TASK:
Output nothing but the lines from the beginning of the listing below through the line containing "Разноцветные мужские трусы", exactly as they stand, without pictures.

DATA SEGMENT:
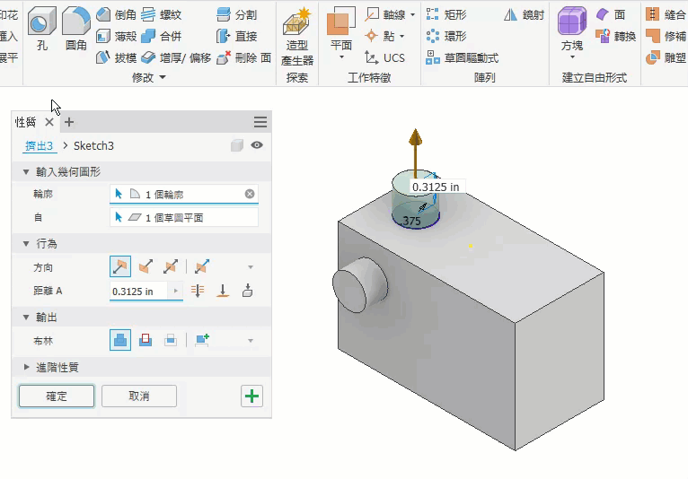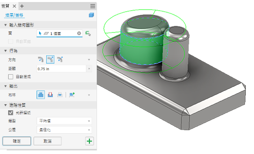 若要取得有關「增厚/偏移」指令的更多資訊,請參閱〈增厚面或偏移曲面〉。
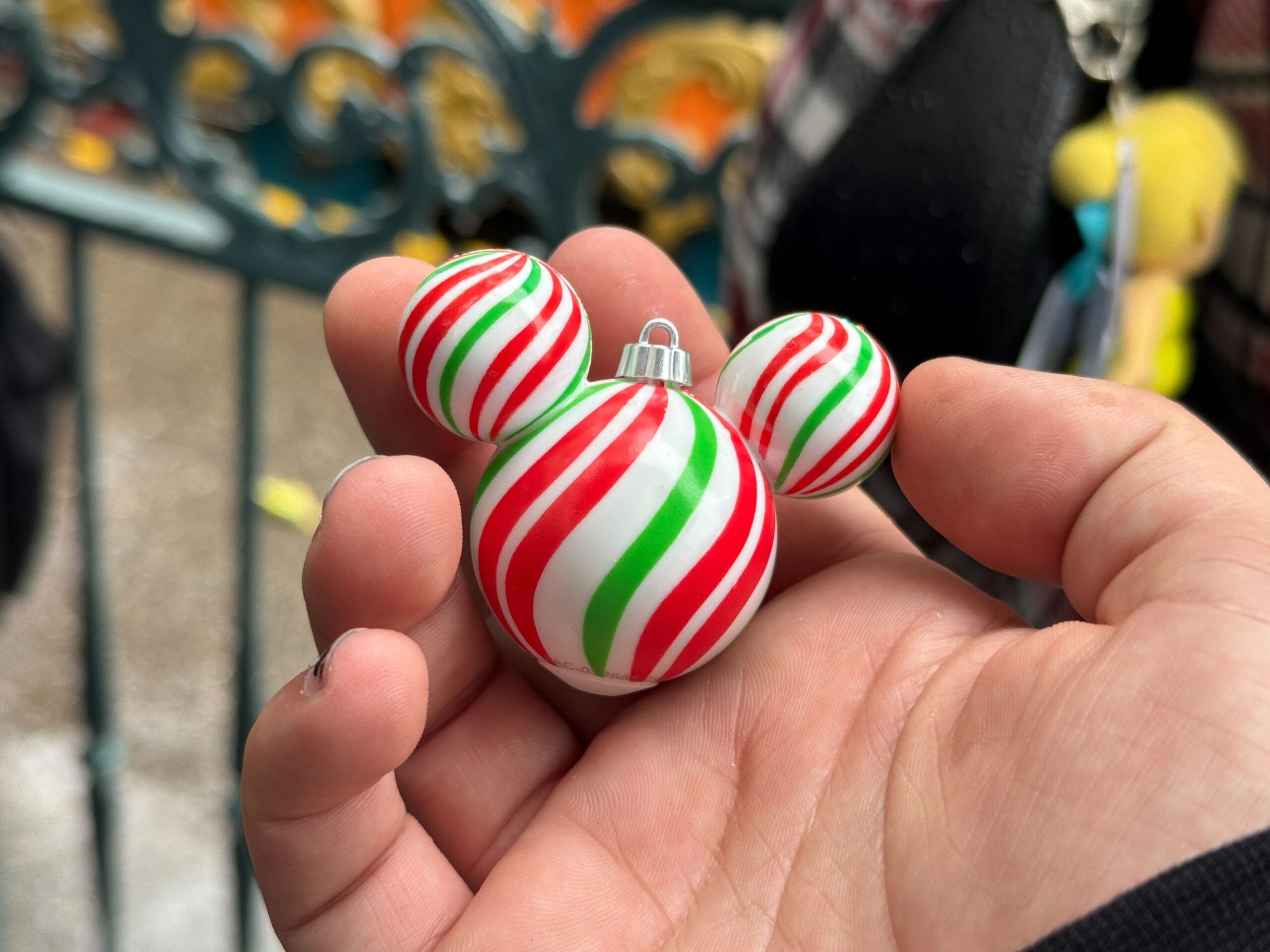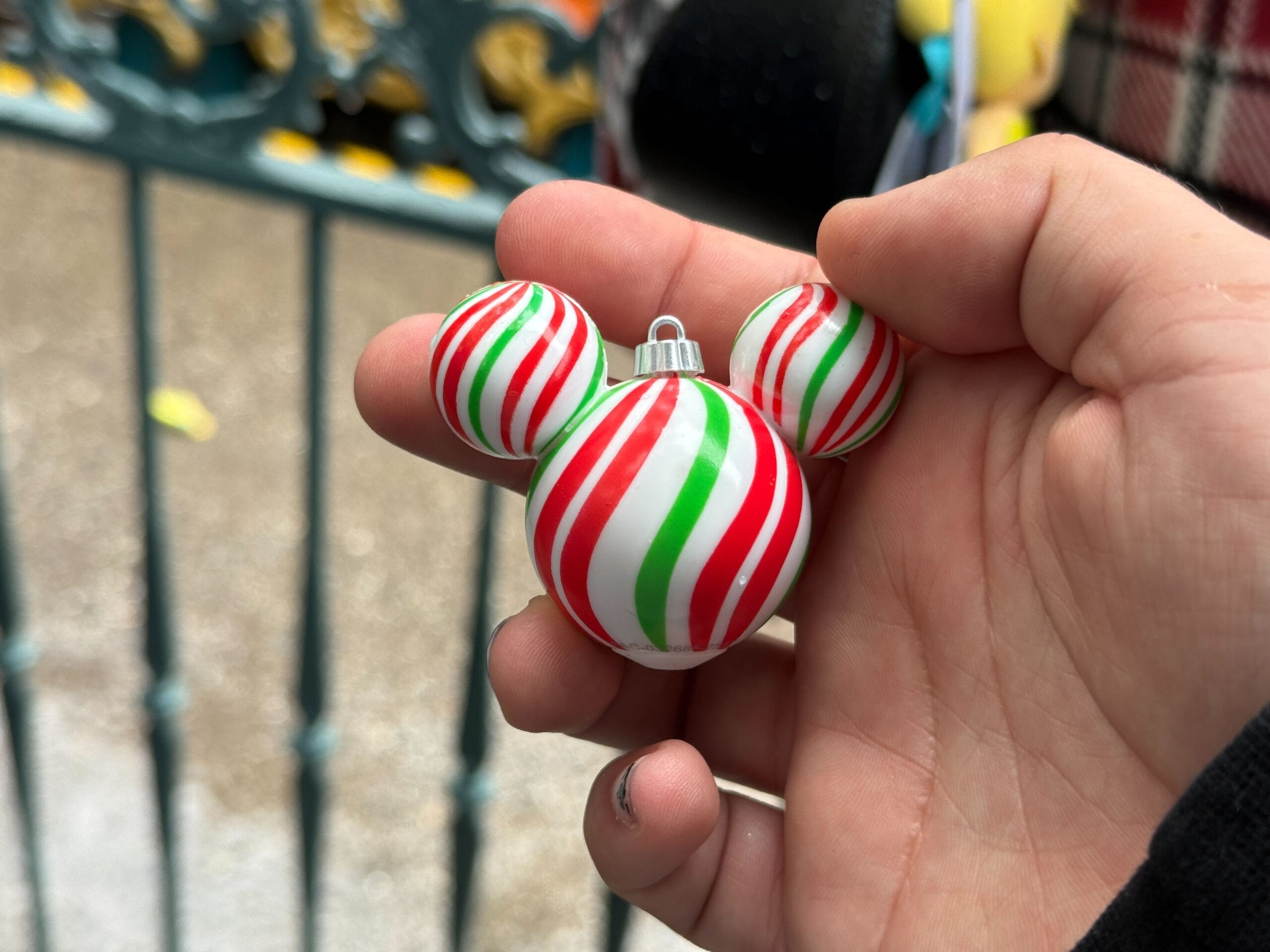 The Mickey “cube” is white with curved red and green stripes. A silver loop is on top, so it could be used as an actual ornament.
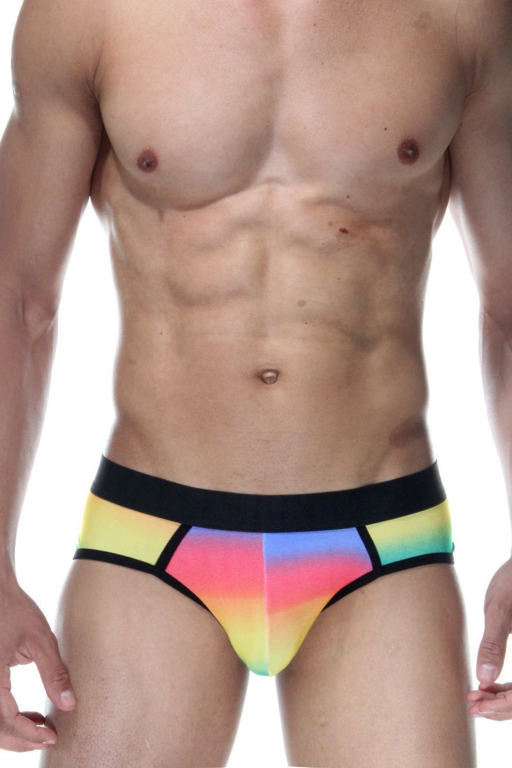 Разноцветные мужские трусы с пикантными вырезами сзади.
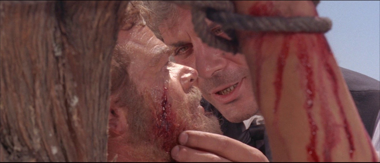 Mas é na cena seguinte, onde “sacrifica” um opositor, que Volonté vai nos dar uma repetição decisiva para afirmar seu poder total, pois não apenas devedora da ruse política, e sim da escatologia bíblica. É uma lição para a comunidade reconciliada a forceps pela morte do opositor, mas também uma figuração hagiográfica do necessário sacrifício que se pode solicitar do povo em momentos de crise; o homem é amarrado em cruz contra a madeira – e preciso dizer de que supliciado se efectiva a repetição aqui?-, e Volonté encarna agora Poncio Pilatos, governador de Judeia, político ruseiro por excelência, credor absoluto da Realpolitik do “E o que é a Verdade?” Mas a questão ontem metafísica e valorativa do procurador humano, decorridos tantos séculos (trabalho dialético da diferença histórica) decai ou revela enfim seu substrato político irredutível, que a palavra inspirada bíblica edulcorara; Volonté fala em razões de Estado, e de Bismarck a Hitler e agora Merkel sabemos do que ele nos fala. A coalescência plástica a que me referi se figura nesta distância variada do eixo da câmara, que ora nos dá o homem como centro da arena comunitária (planos esparsos dos espectadores, recitando a lição), ora estóico sob a tortura (sim, como o duque de Blanchis, Volonté nos oferece uma lição excelsamente espiritualizada, convertendo o corpo do supliciado numa Summa de humores-mediações); ora finalmente prestes a se converter pois, à mercê deste Pilatos agora untuoso e de palavra beatífica que talvez já antecipe – repetição agora prospectiva – Torquemada ao confessar um infiel, o infeliz aprende pelo esprit da palavra sussurrada de Volonté aquilo que a lettre de seu corpo machucado já sabia de cor.

SOLUTION TO THIS EXERCISE:
 若要取得有關「增厚/偏移」指令的更多資訊,請參閱〈增厚面或偏移曲面〉。
 The Mickey “cube” is white with curved red and green stripes. A silver loop is on top, so it could be used as an actual ornament.
 Разноцветные мужские трусы с пикантными вырезами сзади.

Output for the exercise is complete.